→ **Data for the task**
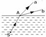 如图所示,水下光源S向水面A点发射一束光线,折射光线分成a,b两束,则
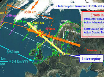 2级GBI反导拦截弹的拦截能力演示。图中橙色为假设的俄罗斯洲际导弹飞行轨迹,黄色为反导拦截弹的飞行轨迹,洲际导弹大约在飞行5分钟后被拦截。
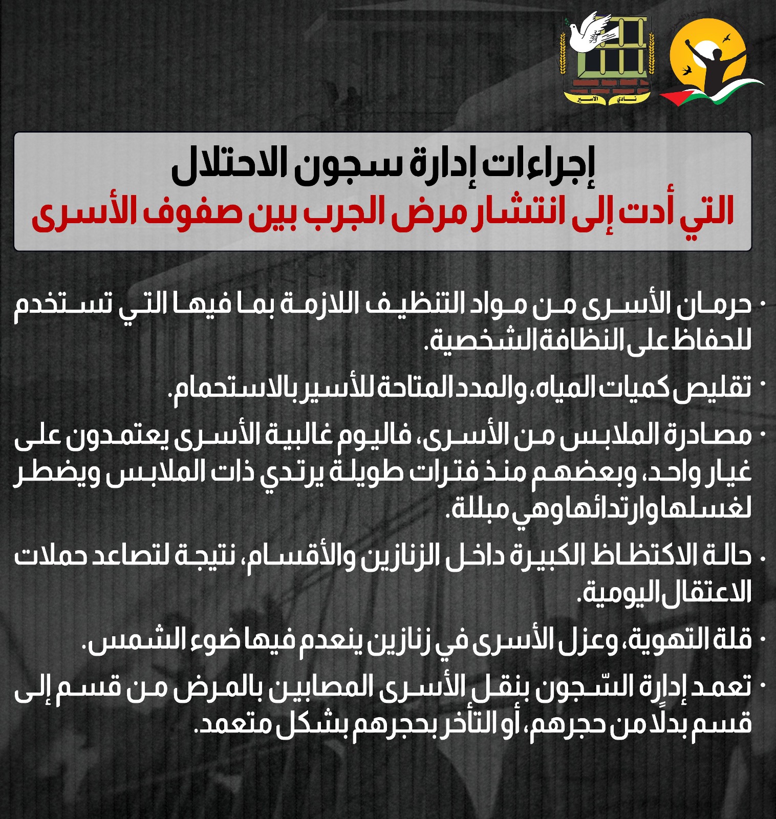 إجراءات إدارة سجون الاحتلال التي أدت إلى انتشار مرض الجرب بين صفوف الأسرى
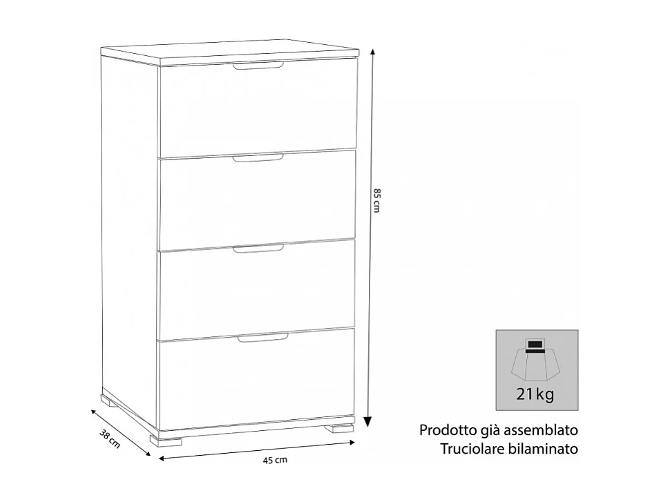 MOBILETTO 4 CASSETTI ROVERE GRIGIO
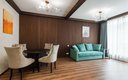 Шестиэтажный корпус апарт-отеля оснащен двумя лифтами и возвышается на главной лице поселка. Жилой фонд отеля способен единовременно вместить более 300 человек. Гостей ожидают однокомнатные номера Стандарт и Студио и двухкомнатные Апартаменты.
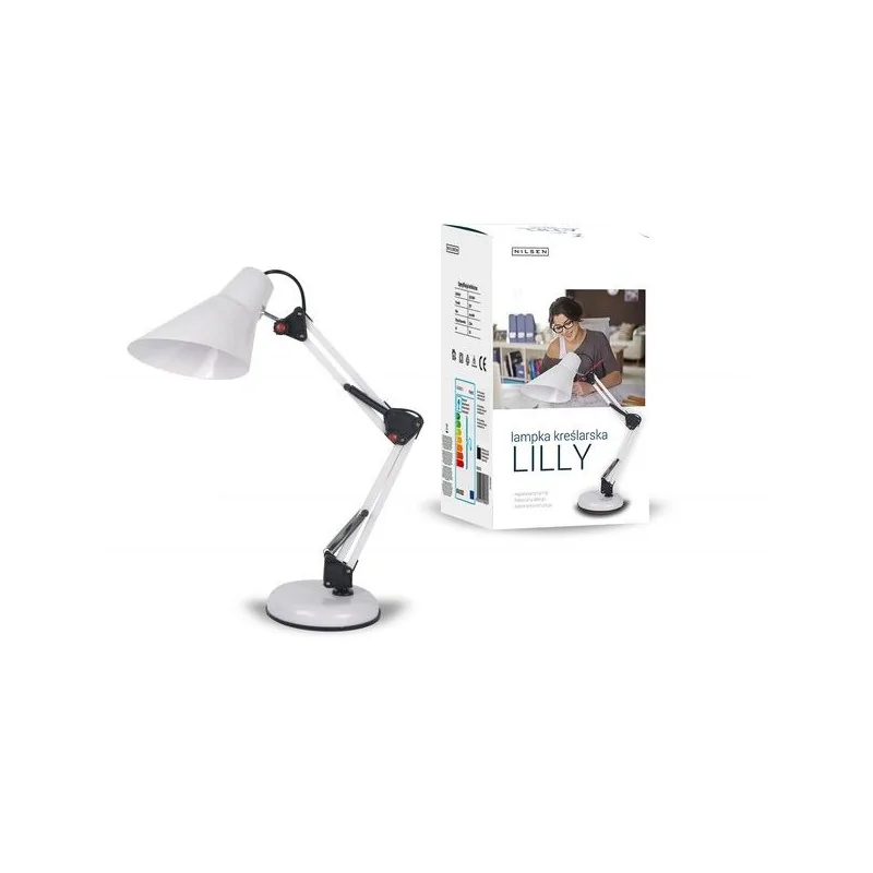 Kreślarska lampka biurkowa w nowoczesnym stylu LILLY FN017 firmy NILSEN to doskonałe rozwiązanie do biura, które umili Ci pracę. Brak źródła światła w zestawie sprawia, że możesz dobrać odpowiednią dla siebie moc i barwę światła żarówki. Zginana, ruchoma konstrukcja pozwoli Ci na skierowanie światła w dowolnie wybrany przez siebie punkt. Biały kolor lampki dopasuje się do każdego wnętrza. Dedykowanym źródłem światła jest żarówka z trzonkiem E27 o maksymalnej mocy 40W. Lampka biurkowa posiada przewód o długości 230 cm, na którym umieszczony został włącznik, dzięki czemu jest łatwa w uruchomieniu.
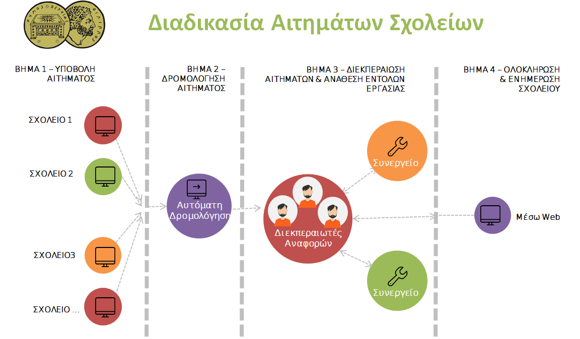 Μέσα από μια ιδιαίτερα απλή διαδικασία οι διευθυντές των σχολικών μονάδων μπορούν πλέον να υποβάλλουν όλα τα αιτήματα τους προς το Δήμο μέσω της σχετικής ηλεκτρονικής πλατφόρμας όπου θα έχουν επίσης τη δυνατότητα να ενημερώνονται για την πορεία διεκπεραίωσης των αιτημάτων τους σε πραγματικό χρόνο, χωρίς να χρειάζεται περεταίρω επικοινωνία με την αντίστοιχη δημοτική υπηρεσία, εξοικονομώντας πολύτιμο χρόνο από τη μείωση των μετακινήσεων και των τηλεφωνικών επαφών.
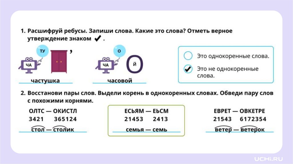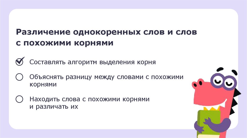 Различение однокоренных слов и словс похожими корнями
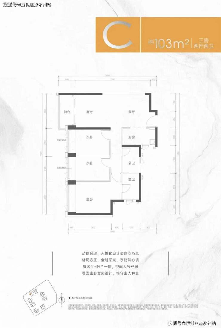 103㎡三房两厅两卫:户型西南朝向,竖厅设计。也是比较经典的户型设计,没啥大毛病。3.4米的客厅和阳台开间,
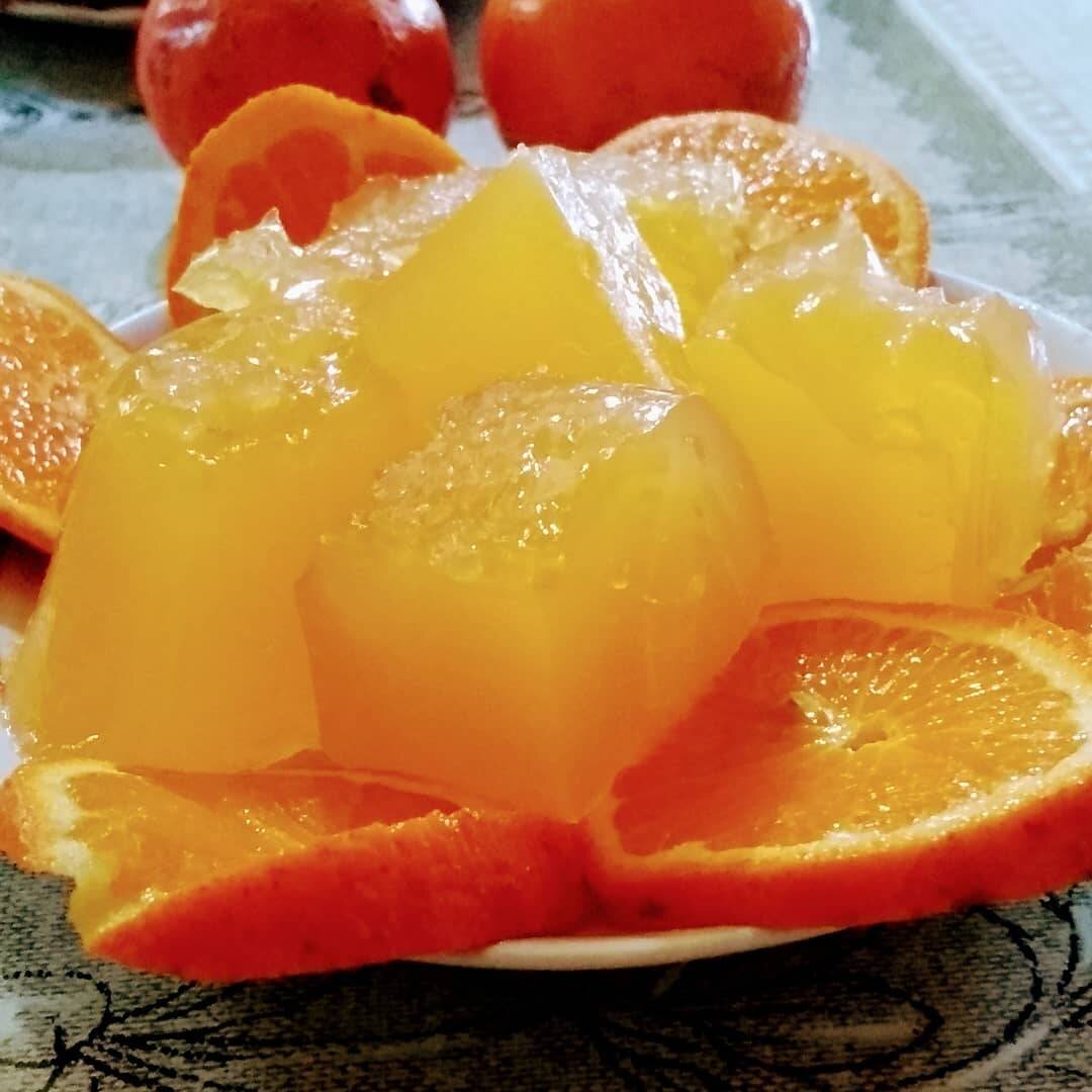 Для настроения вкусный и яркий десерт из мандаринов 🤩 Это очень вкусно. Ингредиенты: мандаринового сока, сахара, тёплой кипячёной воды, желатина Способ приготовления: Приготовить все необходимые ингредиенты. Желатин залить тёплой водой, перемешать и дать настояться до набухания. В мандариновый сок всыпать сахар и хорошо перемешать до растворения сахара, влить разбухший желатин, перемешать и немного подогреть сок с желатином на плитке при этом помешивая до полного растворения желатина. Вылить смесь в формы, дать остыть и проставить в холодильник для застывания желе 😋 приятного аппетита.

→ **Task description**
Nothing but the lines from the start of the listing through the line with "Шестиэтажный корпус апарт-отеля" belongs in the answer, each one retyped exactly and without pictures.

→ **Final answer**
 如图所示,水下光源S向水面A点发射一束光线,折射光线分成a,b两束,则
 2级GBI反导拦截弹的拦截能力演示。图中橙色为假设的俄罗斯洲际导弹飞行轨迹,黄色为反导拦截弹的飞行轨迹,洲际导弹大约在飞行5分钟后被拦截。
 إجراءات إدارة سجون الاحتلال التي أدت إلى انتشار مرض الجرب بين صفوف الأسرى
 MOBILETTO 4 CASSETTI ROVERE GRIGIO
 Шестиэтажный корпус апарт-отеля оснащен двумя лифтами и возвышается на главной лице поселка. Жилой фонд отеля способен единовременно вместить более 300 человек. Гостей ожидают однокомнатные номера Стандарт и Студио и двухкомнатные Апартаменты.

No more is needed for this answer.